Instructions for the task:
Give the lines below again, exactly as they stand, and leave out the images.

Stored items:

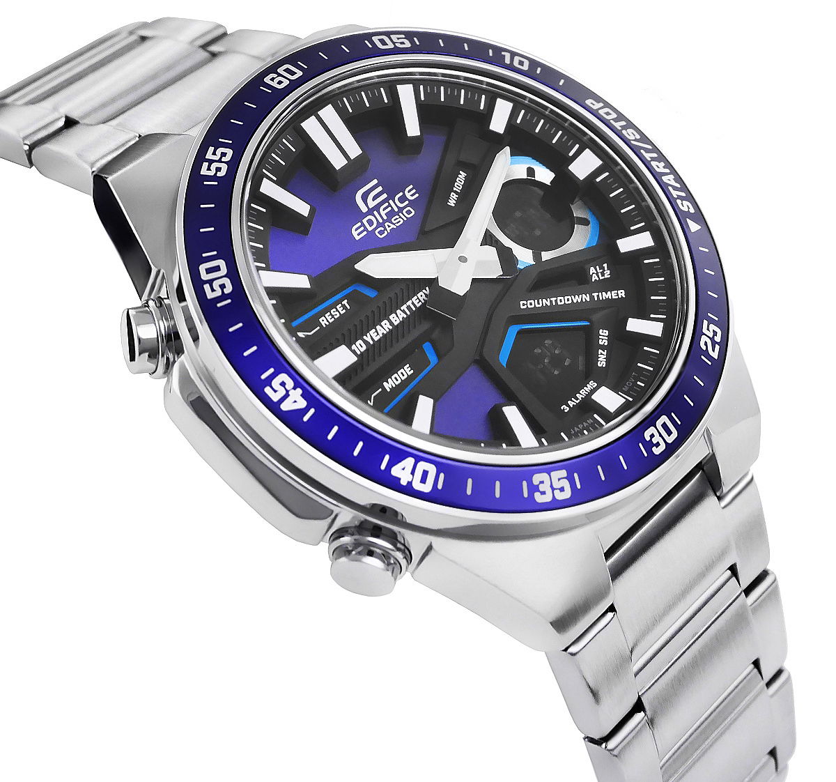 Wszechstronny zegarek dla aktywnych i wymagających. Analogowo-cyfrowy czasomierz EDIFICE EFV-C110 zapewnia precyzję i funkcjonalność na lata – 10-letnia bateria sprawia, że możesz zapomnieć o jej wymianie na długi czas. Dynamiczny, sportowy design podkreśla głębia i trójwymiarowość tarczy, a cyfrowe wyświetlacze oferują szeroki wachlarz funkcji, w tym czas światowy, stoper 1/100 sekundy i minutnik odliczający. Model posiada również Telememo z możliwością zapisania 30 numerów telefonów, zawierających do 12 cyfr z nazwą do 8 znaków. Skup się na życiu i wybierz EDIFICE EFV-C110 - zegarek, który Cię nie zawiedzie.
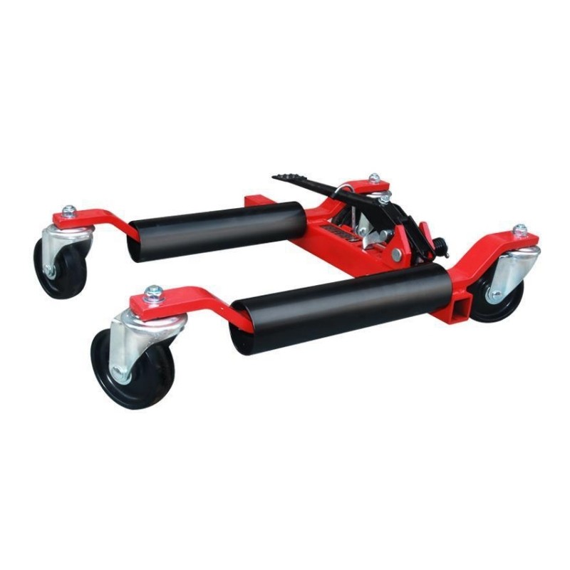 Mueva vehículos sin esfuerzo en espacios reducidos con nuestro Dolly Hidráulico de Alta Resistencia. Este posicionador permite elevar neumáticos de hasta 12" de ancho mediante un pedal hidráulico suave, facilitando giros de 360° en talleres, garajes o salas de exhibición. Fabricado en acero reforzado con capacidad de 680 kg (1500 lbs) por unidad, es la solución perfecta para acomodar autos que no arrancan o maximizar el espacio en su local. ¡Maniobrabilidad total con un solo operario!
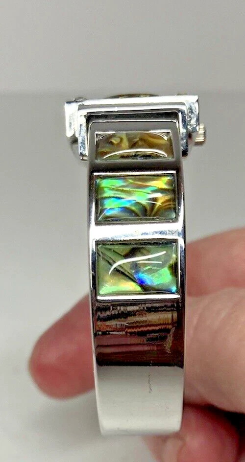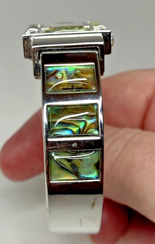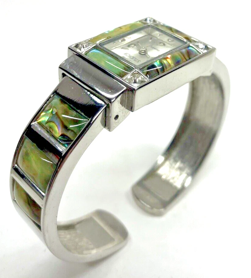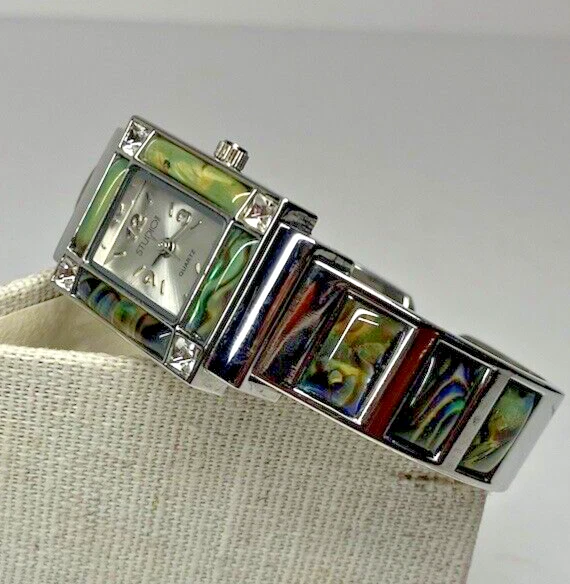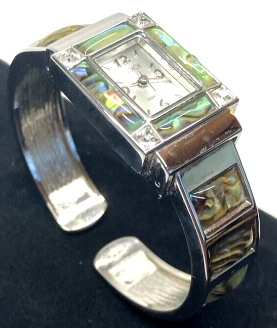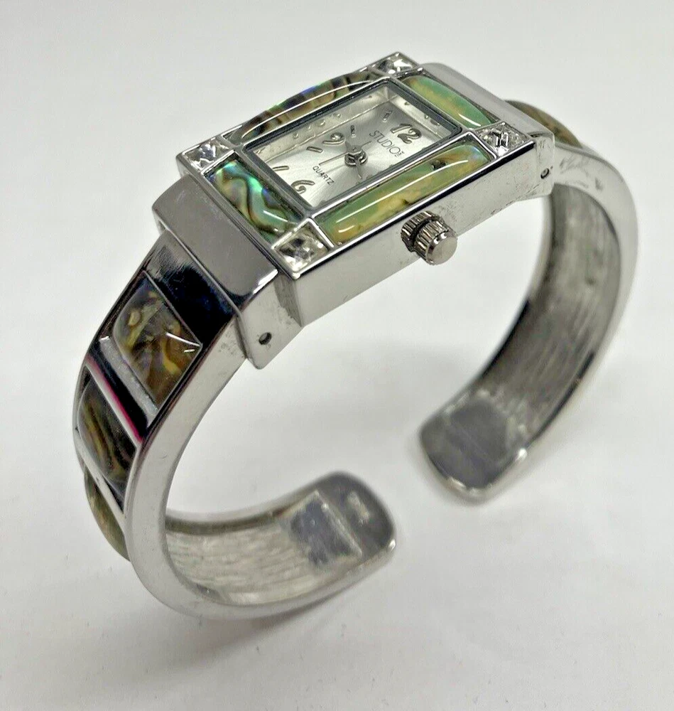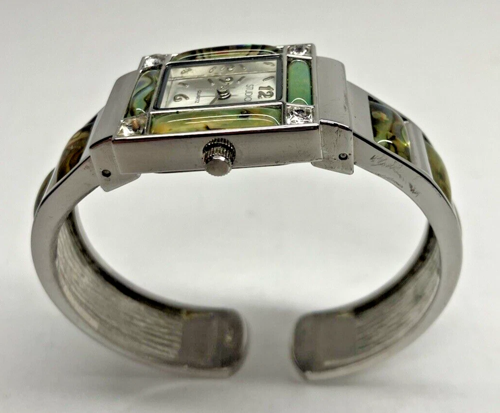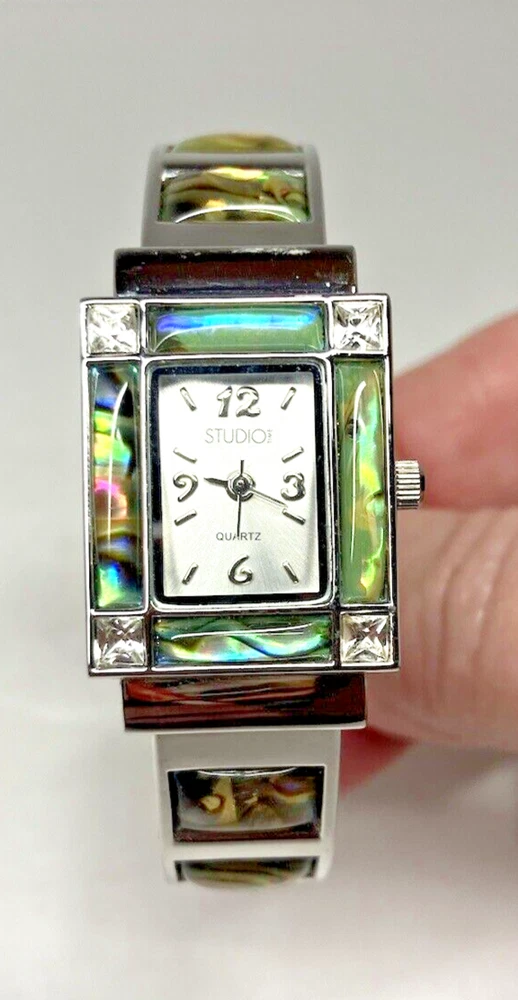 Studio Time Ladies Cuff Watch Silver Tone W/Rhinestones & Abalone - battery not included. Please see pictures for more details. Fast shipping! If you have any questions, feel free to reach out to us. We appreciate your interest! Check out our other listings and store for more items!
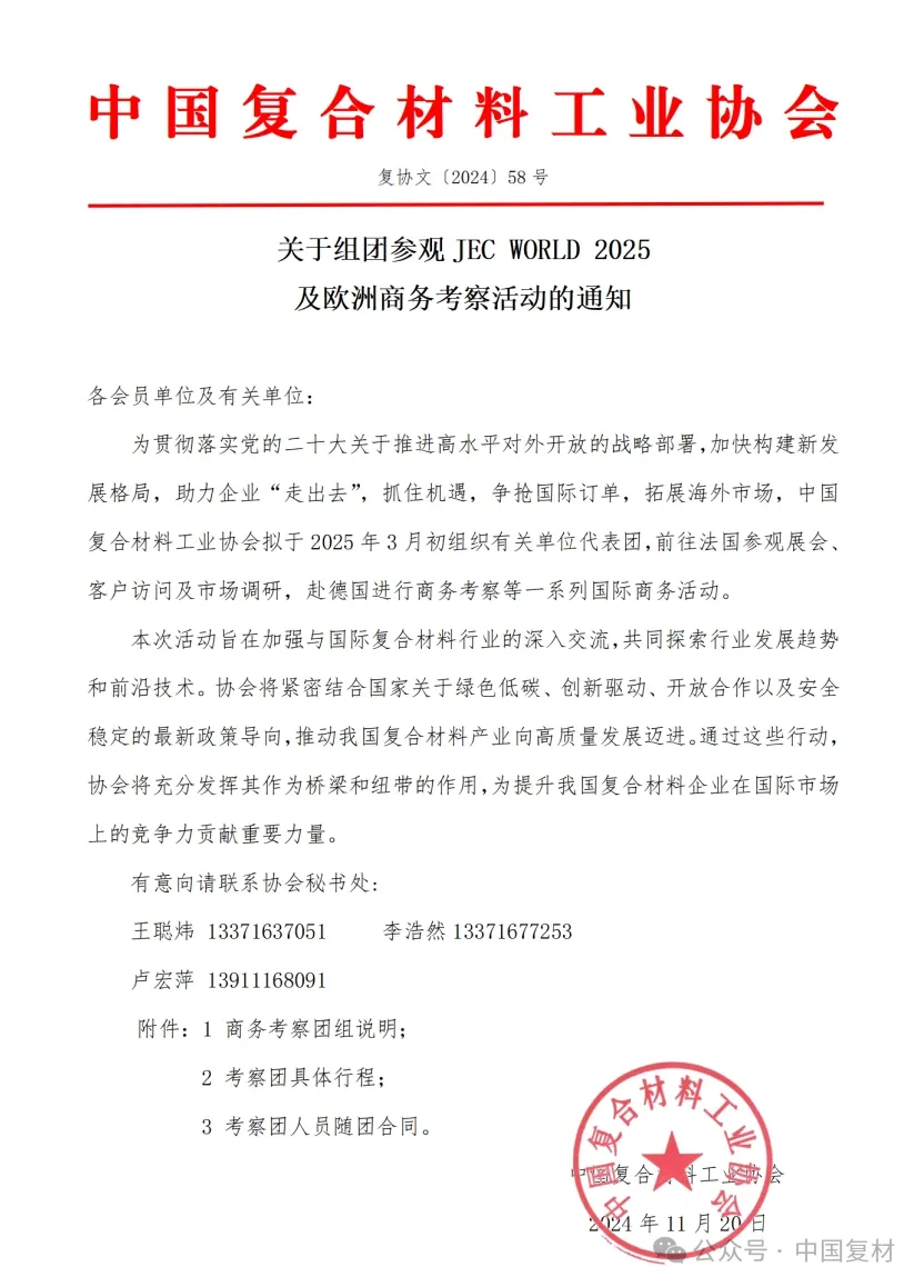 为贯彻落实党的二十大关于推进高水平对外开放的战略部署,加快构建新发展格局,助力企业“走出去”,抓住机遇,争抢国际订单,拓展海外市场,中国复合材料工业协会拟于 2025年3月初组织有关单位代表团,前往法国参观展会、客户访问及市场调研,赴德国进行商务考察等一系列国际商务活动。本次活动旨在加强与国际复合材料行业的深入交流,共同探索行业发展趋势和前沿技术。协会将紧密结合国家关于绿色低碳、创新驱动、开放合作以及安全稳定的最新政策导向,推动我国复合材料产业向高质量发展迈进。通过这些行动,协会将充分发挥其作为桥梁和纽带的作用,为提升我国复合材料企业在国际市场上的竞争力贡献重要力量。中国复合材料工业协会
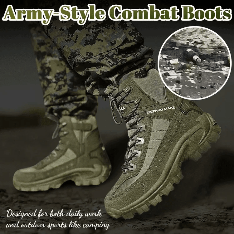 Mina herrar, vill ni ha ett par skor som kombinerade halkskydd , starkt grepp , stöttålighet , vattenavvisande egenskaper , skydd mot sand och grus samt en dold höjdökning , lämpliga för både arbete och dagligt bruk? Idag är de här – 5AA Multifunktionell Taktisk Stövel.

Exercise solution:
 Wszechstronny zegarek dla aktywnych i wymagających. Analogowo-cyfrowy czasomierz EDIFICE EFV-C110 zapewnia precyzję i funkcjonalność na lata – 10-letnia bateria sprawia, że możesz zapomnieć o jej wymianie na długi czas. Dynamiczny, sportowy design podkreśla głębia i trójwymiarowość tarczy, a cyfrowe wyświetlacze oferują szeroki wachlarz funkcji, w tym czas światowy, stoper 1/100 sekundy i minutnik odliczający. Model posiada również Telememo z możliwością zapisania 30 numerów telefonów, zawierających do 12 cyfr z nazwą do 8 znaków. Skup się na życiu i wybierz EDIFICE EFV-C110 - zegarek, który Cię nie zawiedzie.
 Mueva vehículos sin esfuerzo en espacios reducidos con nuestro Dolly Hidráulico de Alta Resistencia. Este posicionador permite elevar neumáticos de hasta 12" de ancho mediante un pedal hidráulico suave, facilitando giros de 360° en talleres, garajes o salas de exhibición. Fabricado en acero reforzado con capacidad de 680 kg (1500 lbs) por unidad, es la solución perfecta para acomodar autos que no arrancan o maximizar el espacio en su local. ¡Maniobrabilidad total con un solo operario!
 Studio Time Ladies Cuff Watch Silver Tone W/Rhinestones & Abalone - battery not included. Please see pictures for more details. Fast shipping! If you have any questions, feel free to reach out to us. We appreciate your interest! Check out our other listings and store for more items!
 为贯彻落实党的二十大关于推进高水平对外开放的战略部署,加快构建新发展格局,助力企业“走出去”,抓住机遇,争抢国际订单,拓展海外市场,中国复合材料工业协会拟于 2025年3月初组织有关单位代表团,前往法国参观展会、客户访问及市场调研,赴德国进行商务考察等一系列国际商务活动。本次活动旨在加强与国际复合材料行业的深入交流,共同探索行业发展趋势和前沿技术。协会将紧密结合国家关于绿色低碳、创新驱动、开放合作以及安全稳定的最新政策导向,推动我国复合材料产业向高质量发展迈进。通过这些行动,协会将充分发挥其作为桥梁和纽带的作用,为提升我国复合材料企业在国际市场上的竞争力贡献重要力量。中国复合材料工业协会
 Mina herrar, vill ni ha ett par skor som kombinerade halkskydd , starkt grepp , stöttålighet , vattenavvisande egenskaper , skydd mot sand och grus samt en dold höjdökning , lämpliga för både arbete och dagligt bruk? Idag är de här – 5AA Multifunktionell Taktisk Stövel.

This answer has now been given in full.